Chundle, I would take a video of the kind of thing you are finding "abnormal", if she isn't showing it at assessment. To be honest it is embarrassing showing a video some how, but several of the professionals have said it would help when I have mentioned I thought of doing it but didn't.

With regards to verbal dyspraxia comment from SALT. I do know it is common for SLI to mimic ASD in the early years so perhaps that's what she was thinking.

I do hope that "play better" was paraphrasing what was said shock. If they feel she needs more directed play or you to facilitate in a particular way, that's understandable given they are trying to help you to help her overcome her disabilities. If they are just saying "play better", how soul destroying! I would point out that specific advice is helpful, but generalised criticism is going to make your future play stilted. sad

Chundle Mon 11-Jul-11 12:46:27

Thanks guys I will record her I think.
Zzzz it's strange but when dd1 was dx with ADHD I was never once made to feel like it was my fault or my parenting to blame. But with dd2 everything said seems full of innuendo like if I did this better or that better, drives me mad!!
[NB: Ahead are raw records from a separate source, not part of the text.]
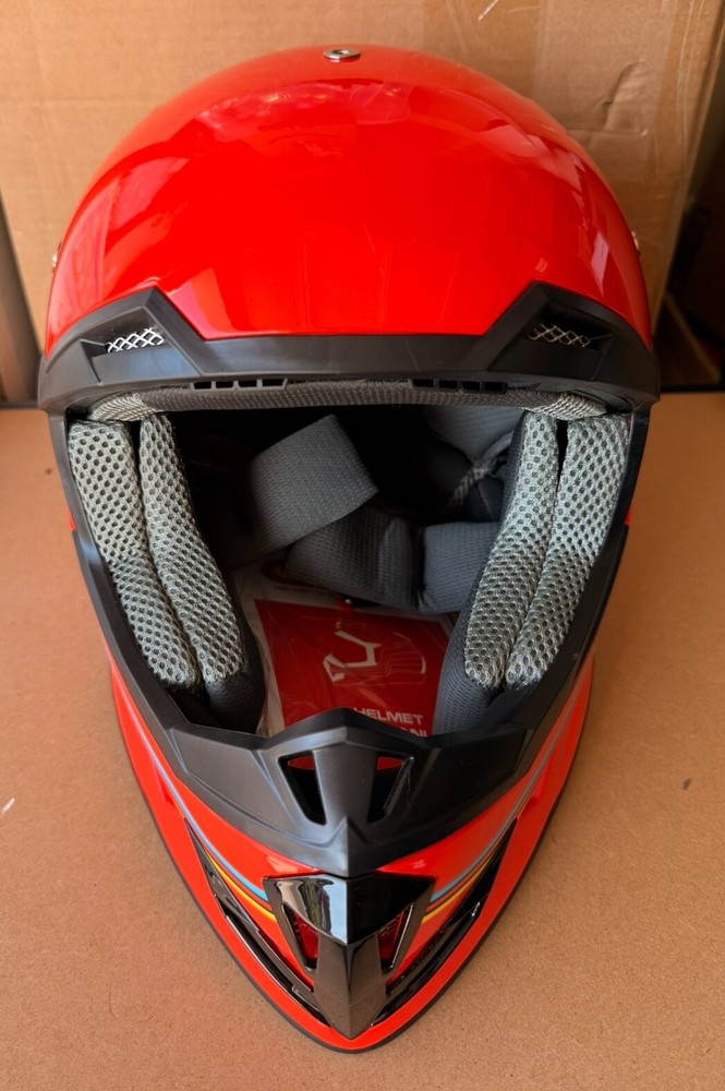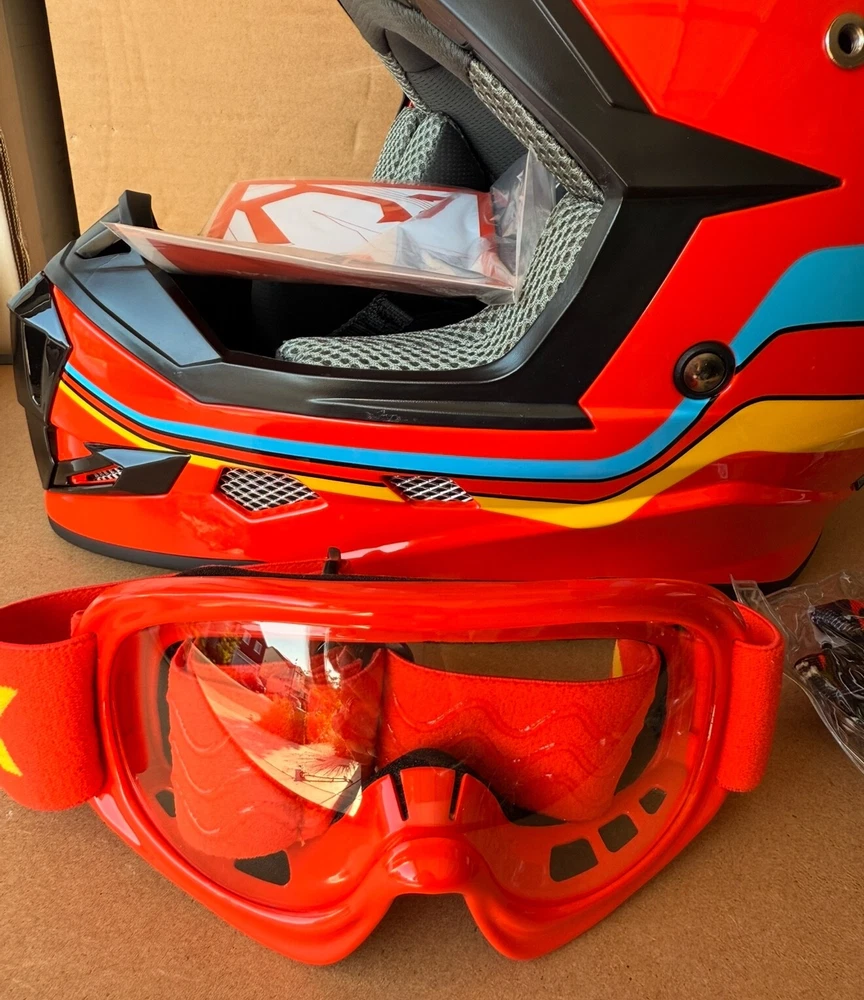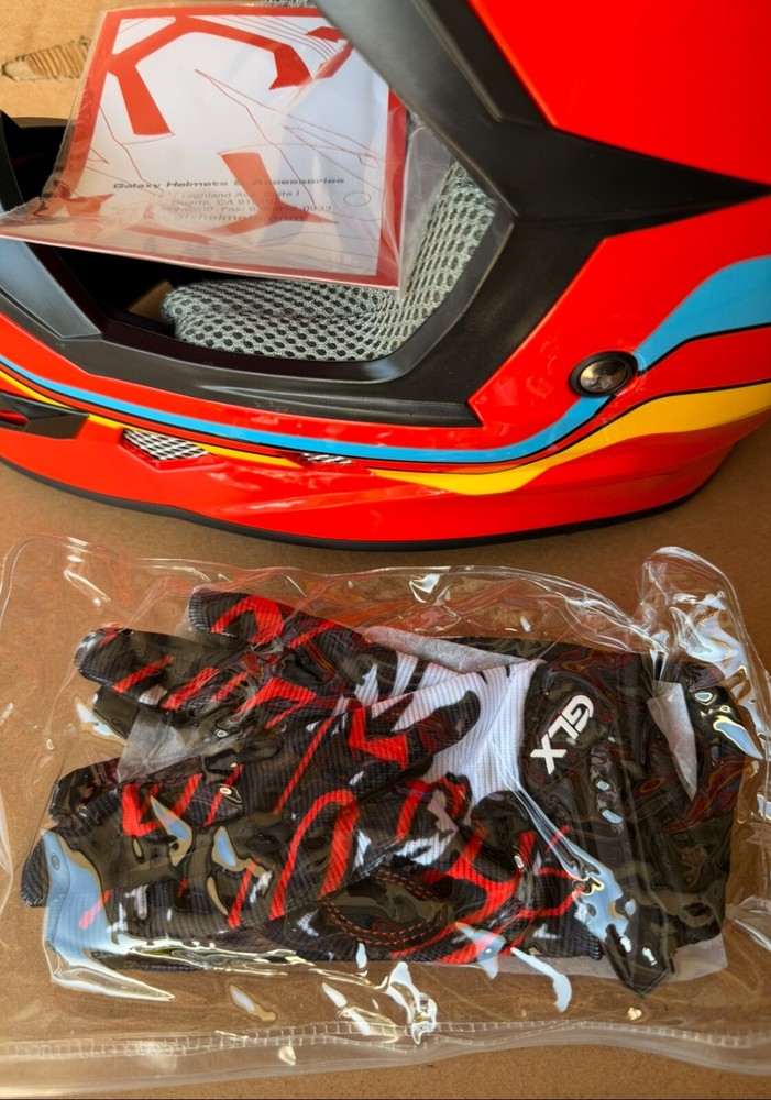Brand new GLX GX623 youth helmet combo in retro red – Size: Large – DOT certified for safety – Designed for ATV, dirt bike, off-road riding – Includes helmet, gloves, and goggles – Lightweight aerodynamic shell – Padded interior for comfort and protection – Quick-release strap for easy use Retail price: $99.95 Pickup in Roseville
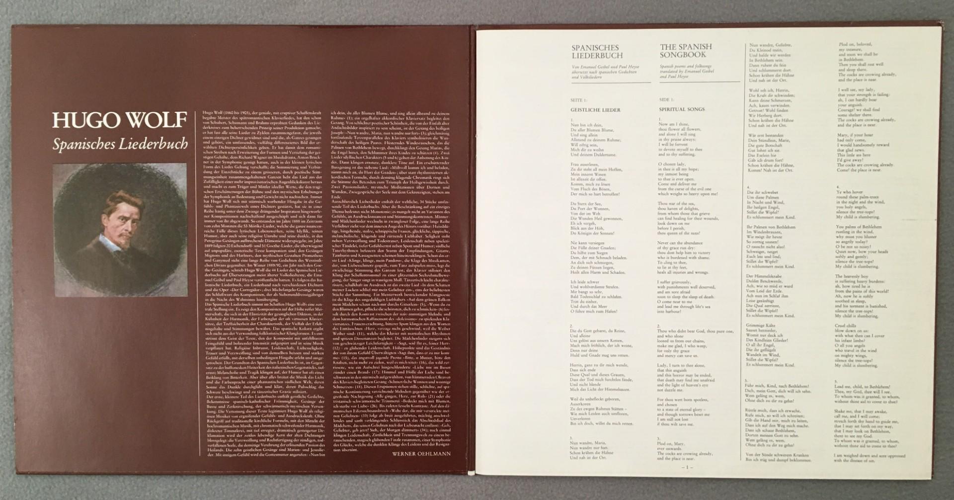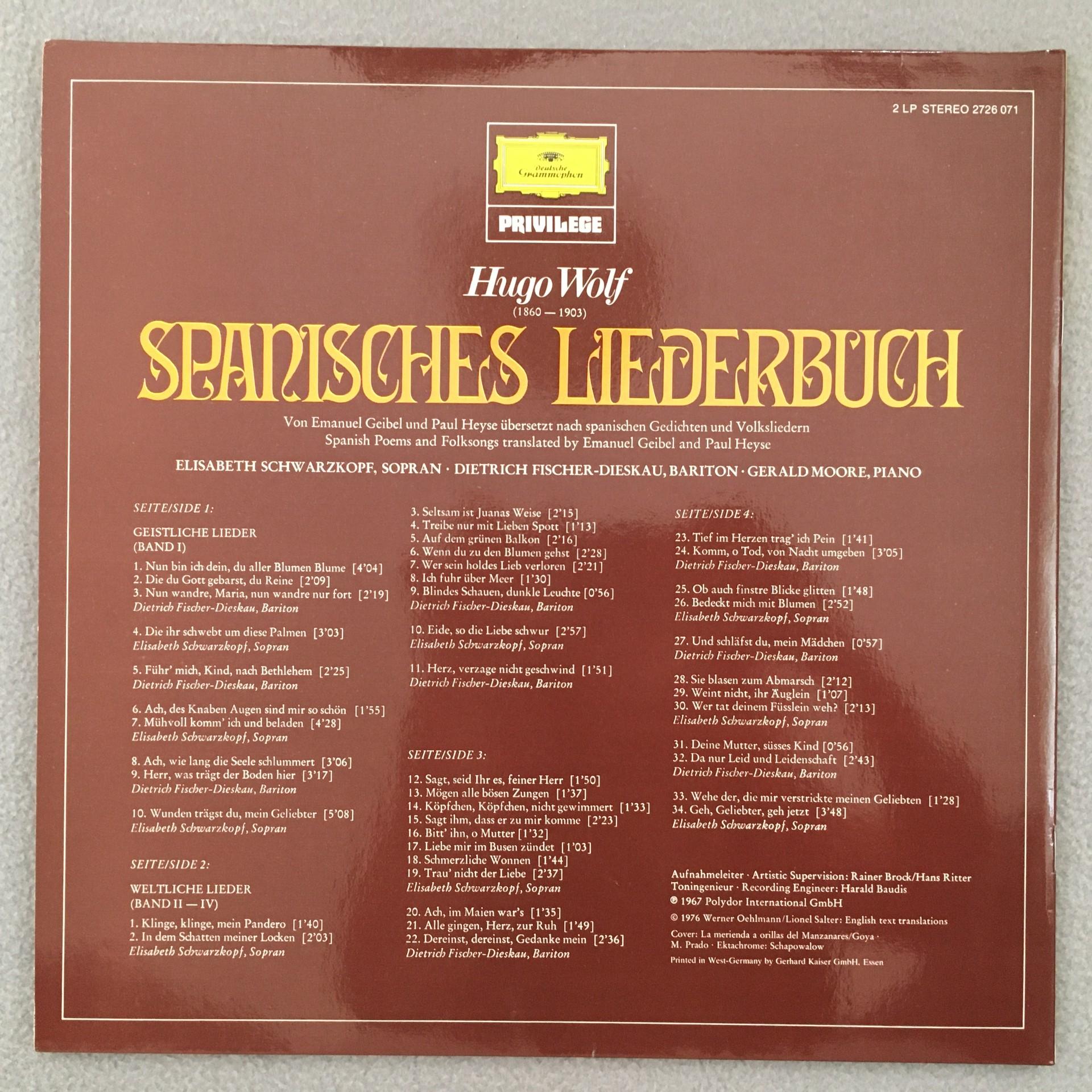 V192 Wolf Spanish Song Book Fischer-Dieskau Moore 2LP DGG 2726 071 Stereo
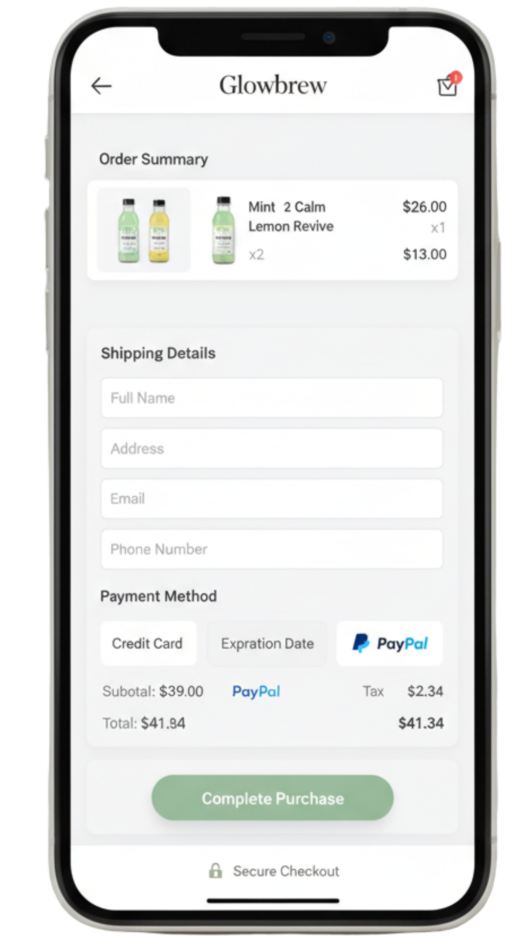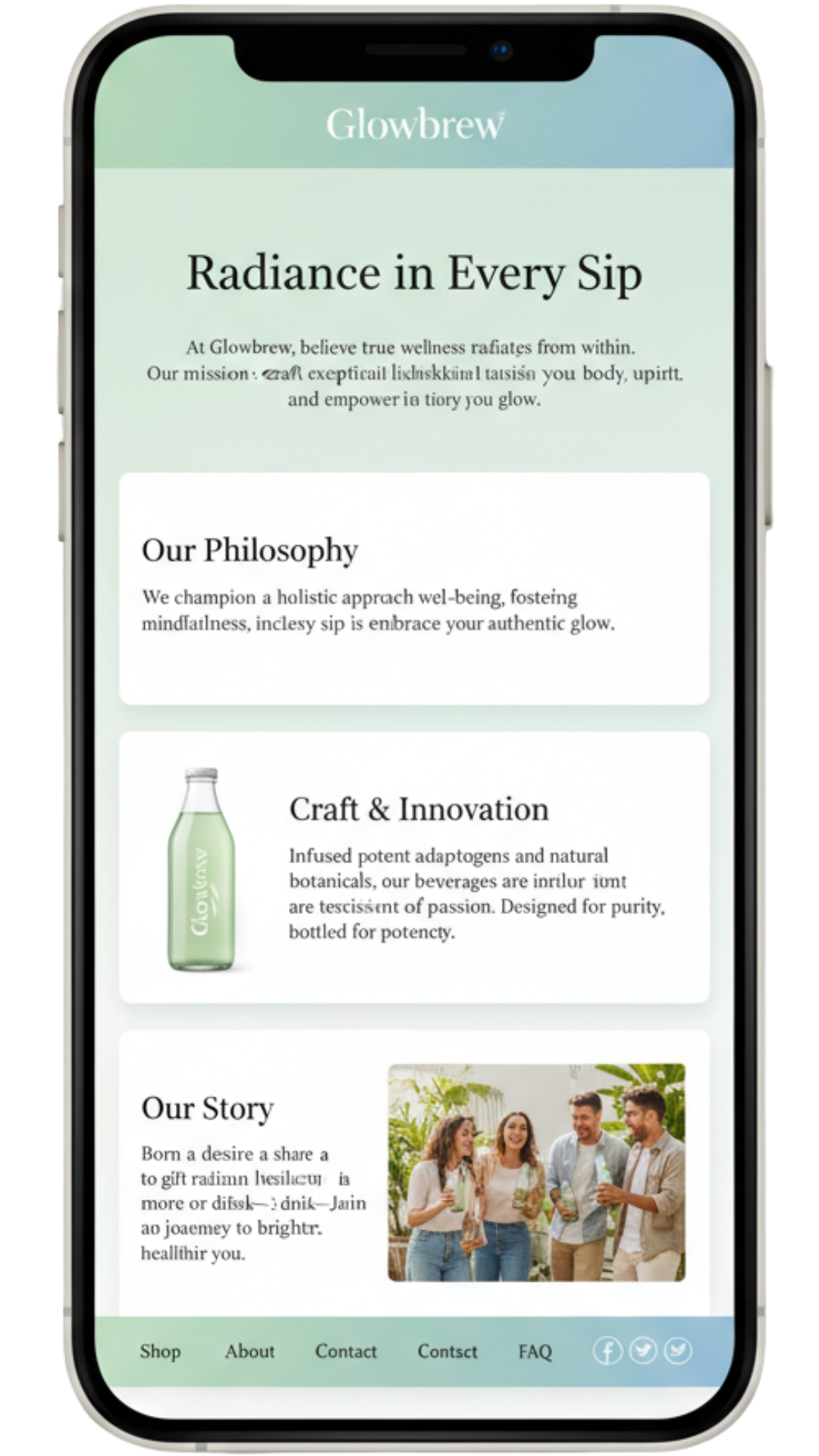 GlowBrew now presents a brand that mirrors its product promise. It looks refreshing, premium, and thoughtful. The identity and packaging convey the right tone to a health and trend conscious audience, positioning GlowBrew to compete confidently in a crowded beverage market.
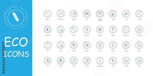 Eco Sustainability and Nature Icon Set, Environment, Green Living, Climate Action, Natural.
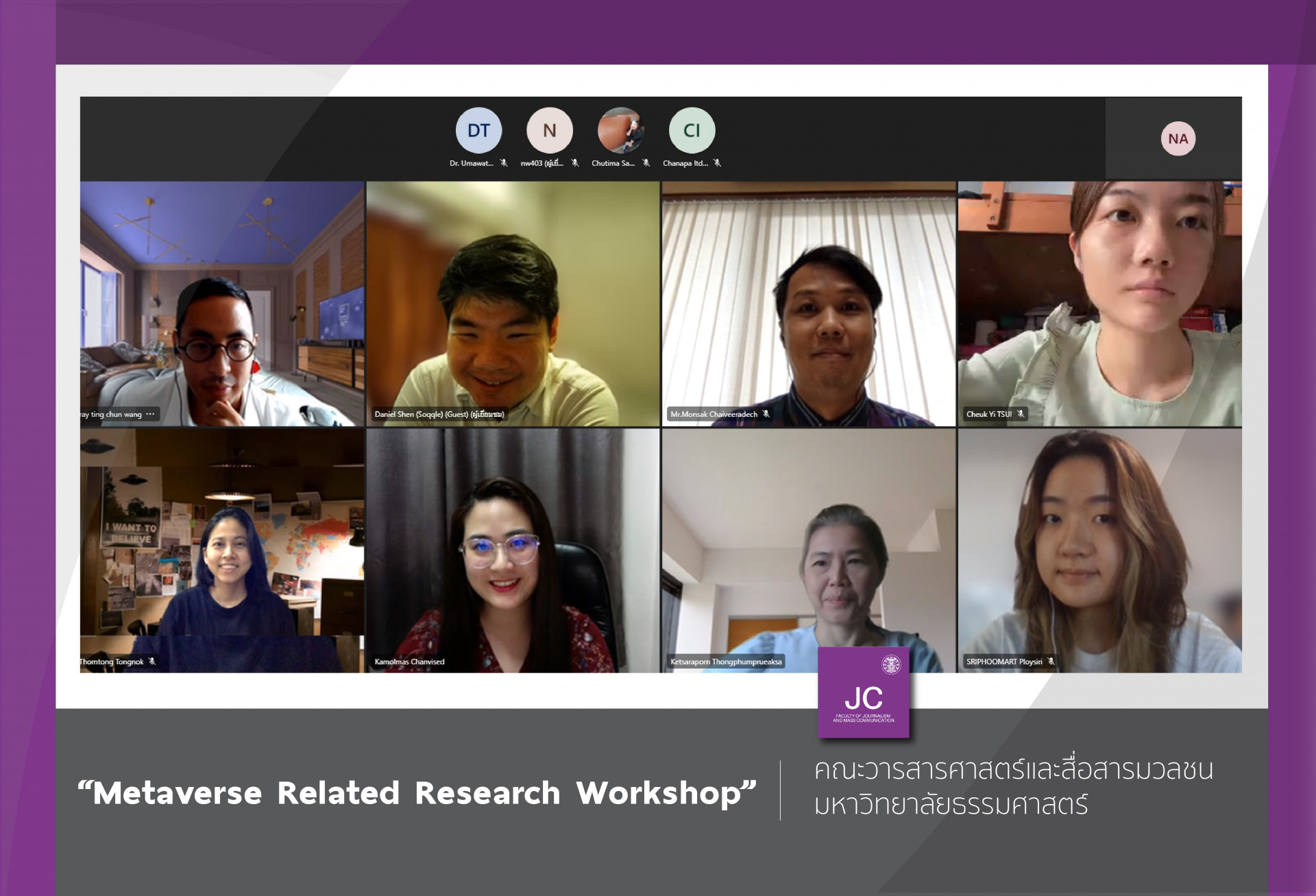 เมื่อวันที่ 1 สิงหาคม 2565 ฝ่ายวิจัย คณะวารสารศาสตร์ฯ จัดอบรมในหัวข้อ "Metaverse Related Research Workshop" ผ่านระบบออนไลน์ Microsoft Teams โดยได้รับเกียรติจาก รศ.กัลยกร วรกุลลัฎฐานีย์ คณบดีคณะวารสารศาสตร์ฯ ร่วมกล่าวเปิดงาน การจัดอบรมในครั้งนี้ได้รับเกียรติจาก อ.เรย์ ถิง-ชุน หว่อง อาจารย์ประจำหลักสูตรนานาชาติ Mr.Daniel Shen, Cjief Executive Officer, Soqqle และ Assist.Prof.Paulina Wong, The Science Unit, Lingnan University ร่วมเป็นวิทยากรบรรยาย โครงการดังกล่าวจัดขึ้นเพื่อให้ผู้เข้าร่วมอบรมมีความรู้ความเข้าใจเกี่ยวกับเมตาเวิร์ส (Metaverse) และงานวิจัยที่เกี่ยวข้องกับเมตาเวิร์ส รวมทั้งเผยแพร่องค์ความรู้ให้แก่คณาจารย์ นักศึกษาระดับบัณฑิตศึกษา และเจ้าหน้าที่เพื่อนำไปปรับใช้ในการทำงานและการทำวิจัยในอนาคต
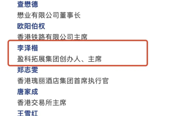 在這份名單的「企業界代表」一欄中,尤其值得注意的是,在李嘉誠旗下長和公司深陷輿論漩渦的敏感時刻,李嘉誠次子、盈科拓展集團創辦人、主席李澤楷現身北京,出席這一論壇。
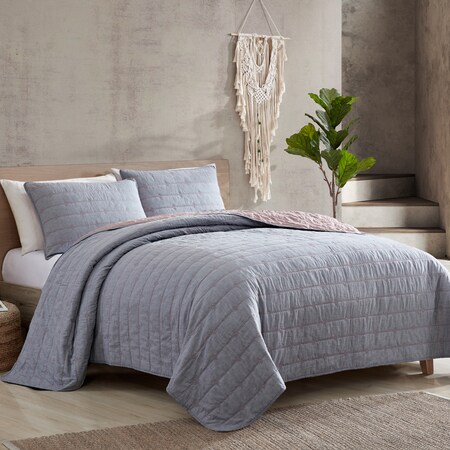 Modern Threads 3-Piece Everly Embroidered Quilt Set, King, Grey/Rose
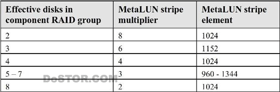 如果有疑问,使用4作为metaLUN的stripe multiplier。对大部分情形来说,这是一个默认的,也是一个好的选择。
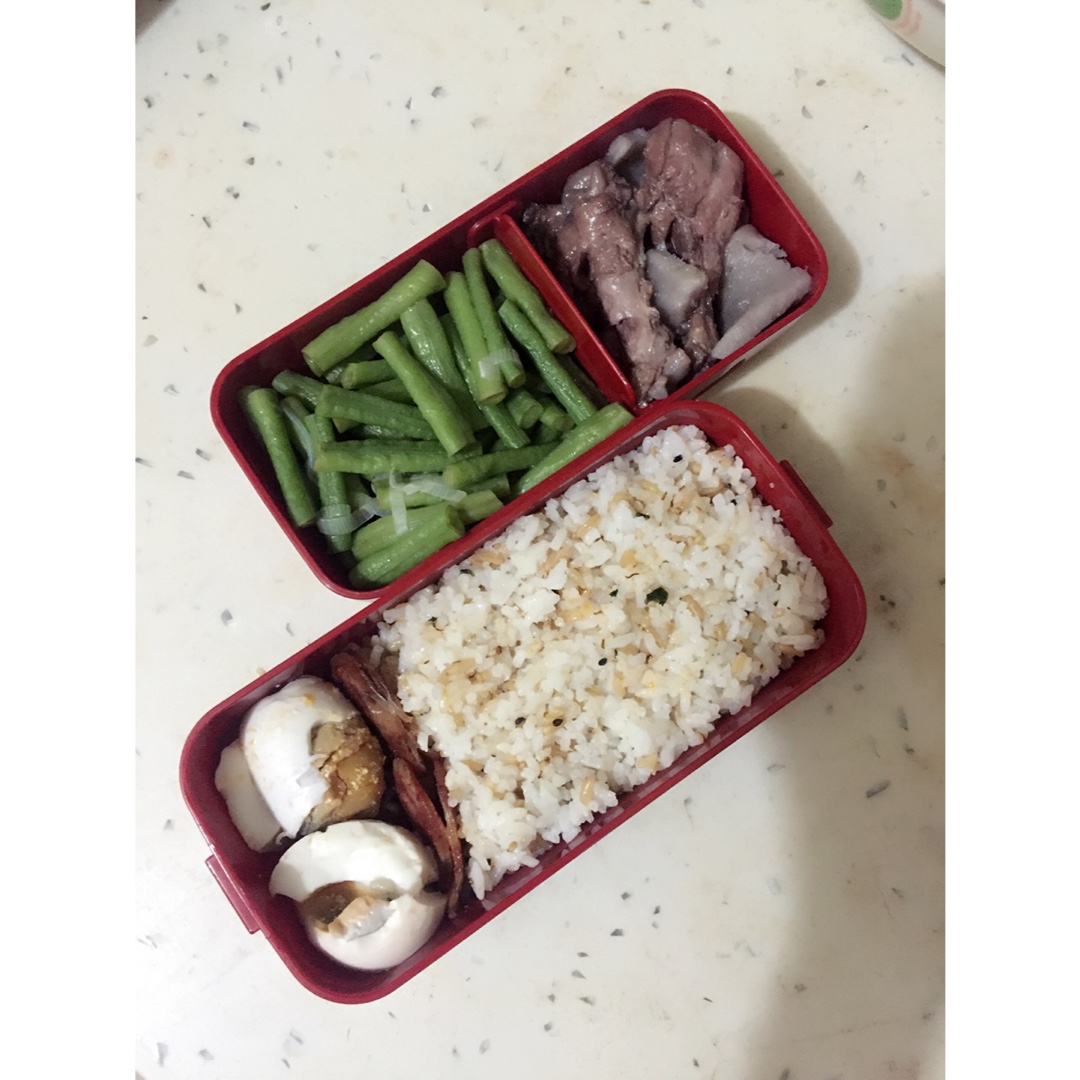 鸡汤里捞起来的腿和山药(汤里有红豆所以颜色深),鸡汤烩过的豆角,咸蛋,香肠和燕麦大米饭。)
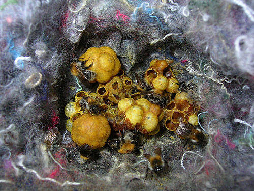 Das frisch gegründete Wiesenhummelnest durch die sehr späte Königin im Ackerhummelkasten ist leider verwaist. Dafür haben sich die Ackerhummeln gut entwickelt. Ca. 15 Tiere gehören dem Nest an. Hier mal ein Foto vom Nest:

zzzzz Tue 12-Jul-11 02:02:12

I think it is a change in attitude from professionals, because I am noticeing it too and really found most people very helpful first time round.....eithere that or my parenting skills are going down the tube...sad

Minx179 Tue 12-Jul-11 23:20:44

Do you think that may be because there are more parenting courses around now than there were when you had your DS/DD1?

I attended a conference last week re parenting/parenting courses and the impression I got was that there is a great deal of emphasis on 'catching' parents early in order to help prevent social/educational/welfare/criminal issues further down the line.

As the issues presented by SEN children may sometimes overlap with similar issues created by 'poor' parenting. I think parenting is the initial cheap and easy option to look at make you doubt your parenting abilities before putting in/looking at more beneficial options if you insist on being persistent

Chundle Wed 13-Jul-11 07:35:34

Don't think so as dd1 and dd2 going through dx procedure at same time just for different things and are different ages, but it's a possibility for others yes

Tiggles Wed 13-Jul-11 11:52:42

I would film the behaviour it gives them more to go on, I have even taken recordings of the DSs coughing to the GP as it gives them more to go on (younger DSs are asthmatic) in working out if just their asthma playing up or something different.

Regarding the travelling on a bus and your DD not playing up if she feels something is different, I don't know how old your DD is, but DS1 who has AS is 9 now and even now throws tantrums on the way home from school if we don't go 'his' route. He will still throw those tantrums even if he has friends walking home with him as it is that much of a problem to him, so I would imagine that if your DD is struggling due to sensory issues on a bus she wouldn't be able to control them even if she did notice/recognise the psych sat at the back of the bus.